__PROVIDED MATERIAL__
-=-=-=-=-
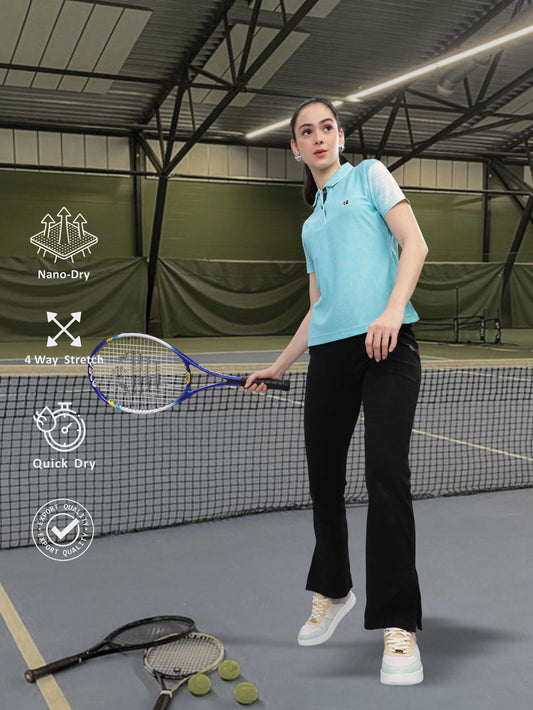 Turquoise Blue Women Active Wear Polo T-shirt
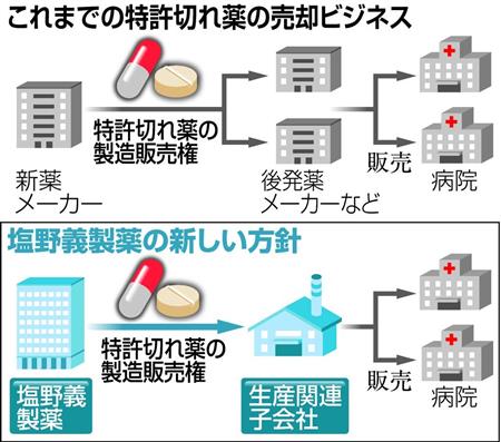 しかし、政府の薬価制度の抜本改革で、特許切れ薬の価格がさらに引き下げられる方針が示されたことから、売り上げなどの面で後発薬メーカーとの折り合いがつかず、売却も難しくなることが予想され、塩野義は今後、グループ内の生産関連子会社に移管することで効率よく販売する。
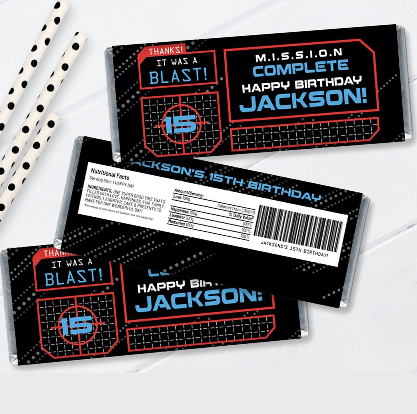 Laser Tag Birthday - Candy Bar Wrapper Laser Tag Birthday Party Favors - Set of 24 is backordered and will ship as soon as it is back in stock.
-=-=-=-=-
__WHAT NEEDS TO BE DONE__
Repeat, exactly and in full, each line from the start of the data to the line that contains "しかし、政府の薬価制度の抜本". Pictures do not go in.

__TASK ANSWER__
 Turquoise Blue Women Active Wear Polo T-shirt
 しかし、政府の薬価制度の抜本改革で、特許切れ薬の価格がさらに引き下げられる方針が示されたことから、売り上げなどの面で後発薬メーカーとの折り合いがつかず、売却も難しくなることが予想され、塩野義は今後、グループ内の生産関連子会社に移管することで効率よく販売する。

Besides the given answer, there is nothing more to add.